Psychiatric disorders lack a clearly defined anatomic pathology. Yet, given strong genetic roots, the question becomes -- what are the downstream biological consequences of these genetic risk factors? This question has fueled hundreds of case-control studies attempting to characterize group-level differences in molecular biomarkers, such as gene expression (13,44). Here, transcriptomics can provide a strategy for high-throughput, comprehensive molecular phenotyping of affected neural systems to characterize the current reactive state of a biological sample. Tissue and sample size are again critical, particularly given substantial levels of heterogeneity.

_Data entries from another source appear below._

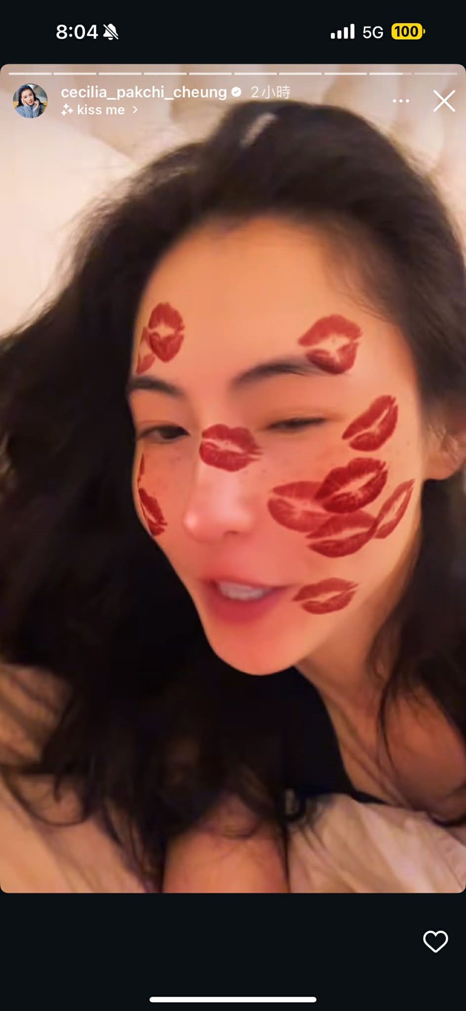 張栢芝平安夜激罕床上翻滾,滿面“唇印”神情嫵媚
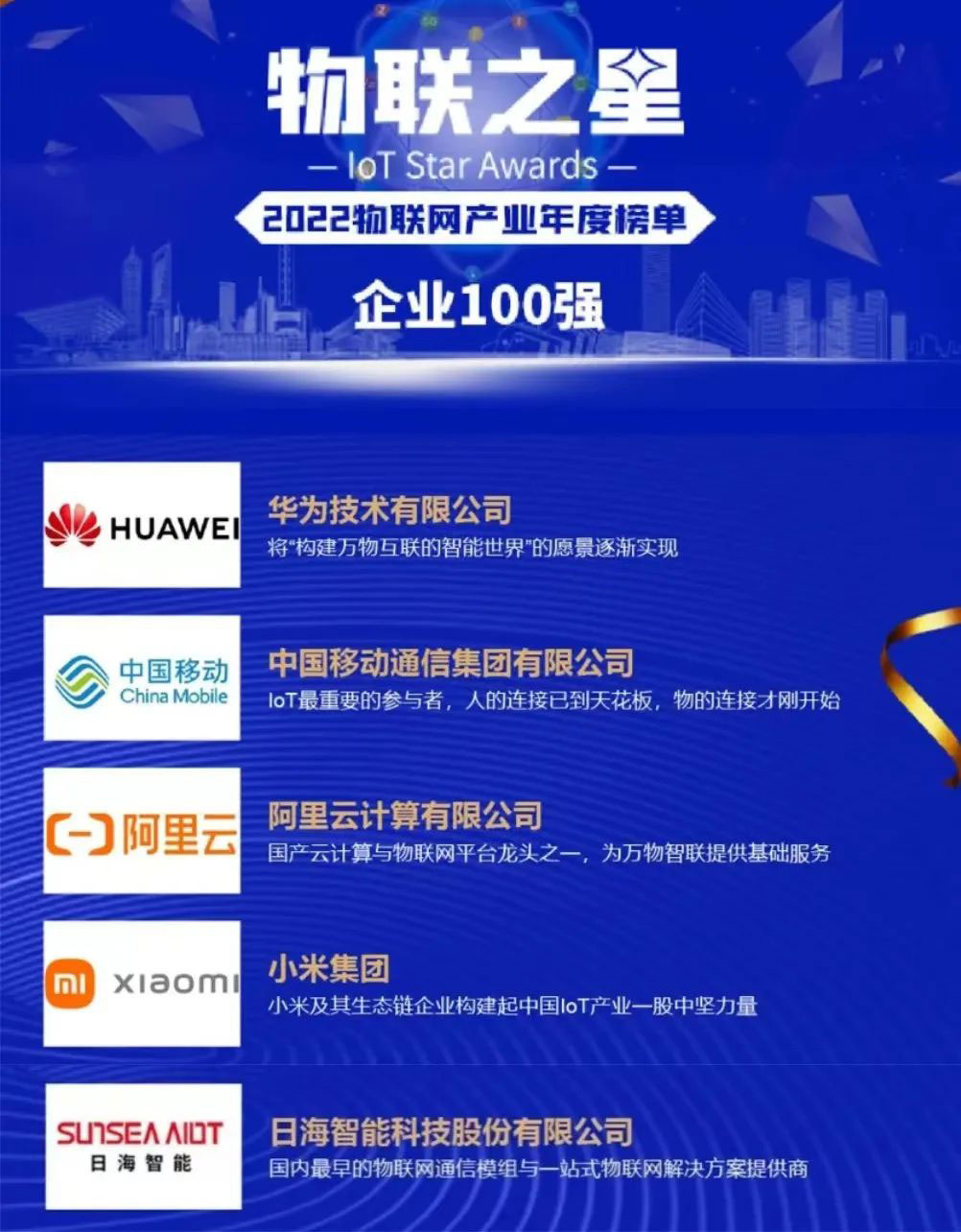 该年度榜单以公司业绩规模与人员规模较大且稳定、近三年业绩规模与净增长率表现良好、研发投入金额与占比较大并有行业影响力的新品发布、同时在物联网领域行业地位突出为四个评选标准进行严格、客观评选。飞速发展的物联网行业群雄并起,优秀企业不断涌现,银河公司智能脱颖而出,与华为、中国移动、阿里云计算等知名企业齐头并进、共同成为中国物联网企业百强,背后是近三十年的实力积淀。
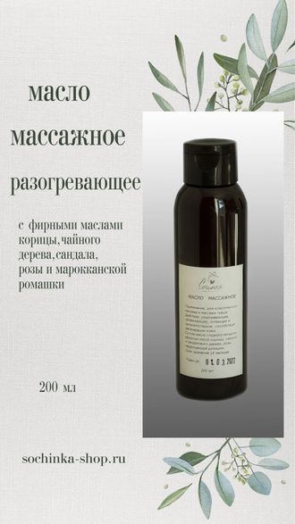 Массажное разогревающее масло. В составе подобраны масла с разогревающими и антисептическими свойствами. Базовое мало - сладкого миндаля имеет свойства, близкие к теплым, хорошо увлажняет и питает, кожа после него мягкая и эластичная, напитанная влагой. Эфирное масло корицы имеет горячие свойства, сильный приятный, успокаивающий аромат, оно определяет назначение продукта - разогревает кожу, делает ее более восприимчивой к массажу. Эфирное масло розы - нейтральное, тонизирует, способствует регенерации клеток, подтягивает омолаживает. Сандал - одно из основных масел Востока, дезинфицирует, омолаживает. Эфирное масло марокканской ромашки - редкое масло голубоватого цвета, антисептическое, эпителизирующее. Аромат масел, где преобладают запахи корицы и розы, приятен, успокаивает и расслабляет, создает ощущение легкости и покоя.
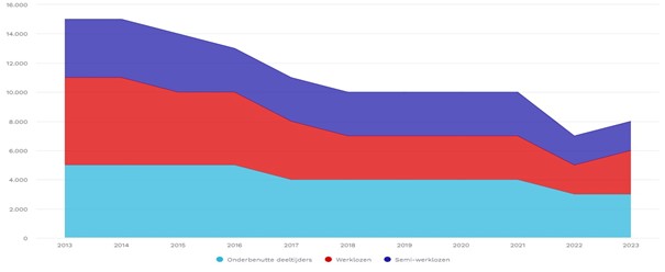 In Dordrecht zijn ca. 8.000 personen potentieel alsnog (extra) inzetbaar: ca. 2.000 semi-werklozen, 3.000 werklozen en 3.000 onderbenutte deeltijders. Dit betreft evenwel een forse afname in het afgelopen decennium: in 2014 noteerde Dordrecht nog een onbenut arbeidspotentieel van 15.000 personen.
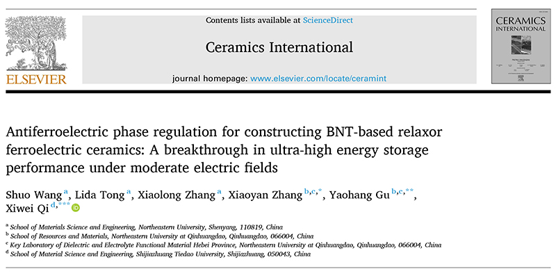 文章名:《Antiferroelectric phase regulation for constructing BNT-based relaxor ferroelectric ceramics: A breakthrough in ultra-high energy storage performance under moderate electric fields》
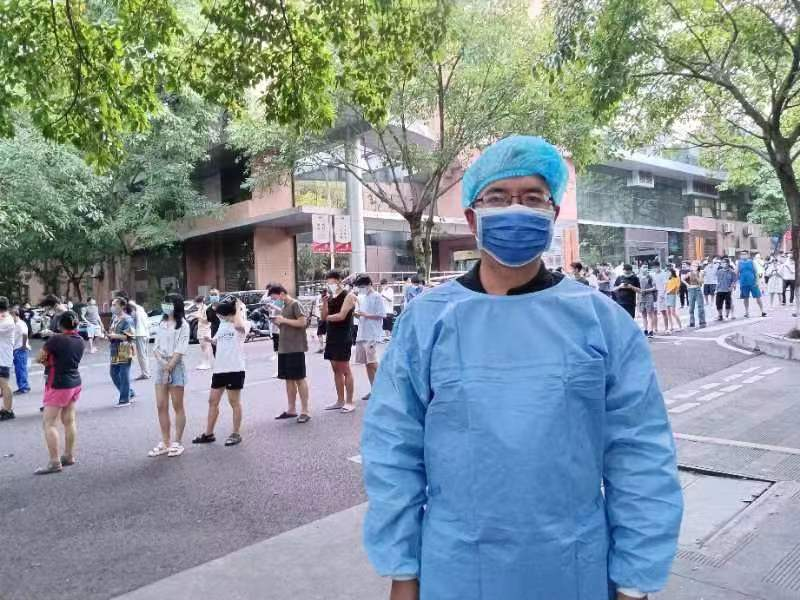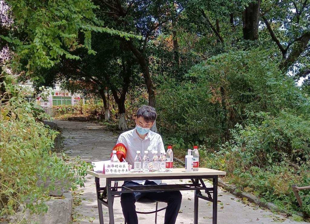 上学期末刚刚引进的青年教师张骞老师在收到志愿者招募的信息后加入了志愿者队伍,冒着40几度的高温,顶着烈日,负责对新华村社区的值守,出入登记管理,物资发放,出入政策解释,服务居民之类的工作。半天下来,皮肤已经晒得发红,衣服也已经湿透。
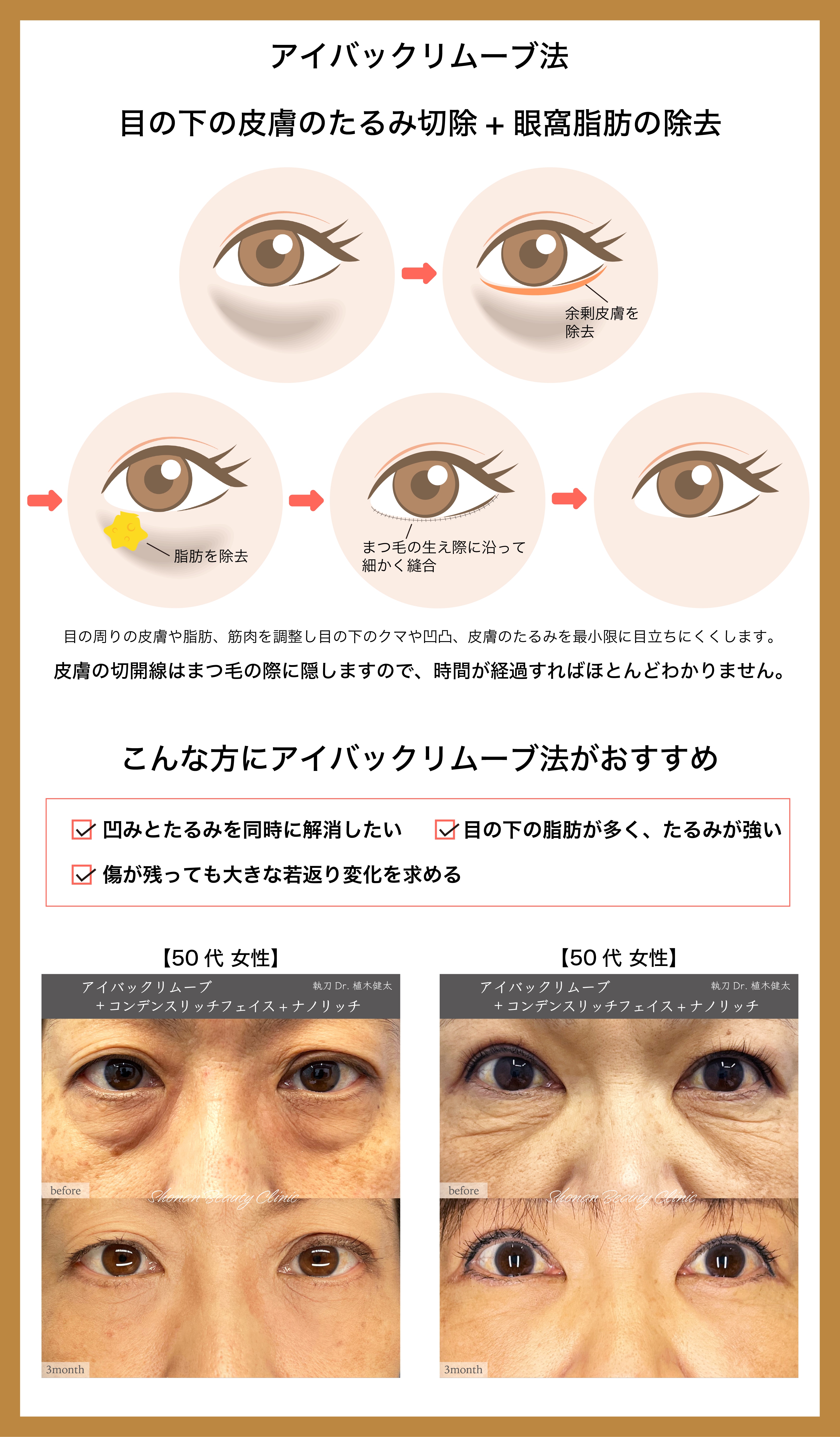 | 目の下の切らないクマ・たるみ(ふくらみ)取り(麻酔(局所麻酔)代が含まれています。※別途安心麻酔(静脈麻酔)代がかかります。 ) | 79,100円 |

Initial seminal studies employed expression microarrays or in-situ hybridization in human postmortem prefrontal cortex from matched pairs of subjects with SCZ and controls. These studies identified notable dysregulation in synaptic machinery (89), interneuron markers (90), mitochondrial processes (91), and myelin-related genes (92), among others, as reviewed (13). Following on this initial work, post-mortem brain transcriptomics became widely performed across many disorders, fueled by the growth of brain banks (93) and advances in high-throughput profiling. Decreased expression of interneuron markers was also reported in BD and major depression (MDD; (104) as well as mitochondrial dysfunction in BD (95,96). Synaptic dysregulation was also observed in ASD cortex, as were elevated neuroinflammatory markers and notable splicing changes (105). Cross-disorder comparisons have been conducted, with layer-specific pyramidal cell changes observed in SCZ, but not BD or MDD (106). Further, when directly compared, transcriptomic changes were substantially larger in ASD than SCZ or BD (107). However, results have been variable across studies, particularly for individual DE genes-discrepancies which have been attributed to methodological, analytic, and/or cohort specific effects. Consistency tends to be greater at the level of pathways, cell-types, and networks, for example, and with meta- and mega-analytic approaches (107109).

To address these challenges, consortia such as the Common Mind (61) and BrainSeq (63) were formed to aggregate and uniformly profile large numbers of psychiatric brain samples. Common Mind profiled more than 500 prefrontal cortex brain samples from SCZ and control subjects (>250 per group), prioritizing several new candidate risk genes through eQTL and GWAS colocalization (61). Several hundred DE genes were identified and, although effect sizes were modest, modeling estimated >40% of the transcriptome is perturbed in SCZ--a level of polygenicity that parallels GWAS findings to date. A neuronal co-expression module, associated with SCZ DE genes, was enriched for common and rare variation as well as postsynaptic density and synaptic signaling pathways, pointing to a convergent disease biology. More recently, PsychENCODE has compiled and meta-analyzed transcriptomic data from >2000 samples, including hundreds of individuals across SCZ, ASD, and BD as well as ~1000 controls for frontal cortex (64,80). Concordant results include interneuron marker downregulation, especially PVALB and SST, across SCZ and ASD (104,107,110). Many neuronal processes were dysregulated, particularly in ASD and SCZ, including those related to synaptic signaling and/or regulated by RBFOX1 (63,80,105,107). Notably, neuronal isoform-level changes showed the greatest effect-size changes in ASD and SCZ as well as the largest genetic enrichments (80). Mitochondrial and metabolic processes were broadly disrupted (106,107,111) as were blood-brain-barrier markers (80). In contrast, a number of processes were concordantly upregulated, such as NFkB and interferon response pathways along with astrocyte genes in SCZ and ASD (80,112,113). Microglia genes exhibited more distinct changes, with upregulation in ASD and downregulation in SCZ and BD (80). Many of these ASD results were recapitulated by a recent sn-RNAseq study (114). Importantly, regional differences need to be characterized, particularly for non-cortical brain structures, which can exhibit highly distinctive changes (115,116).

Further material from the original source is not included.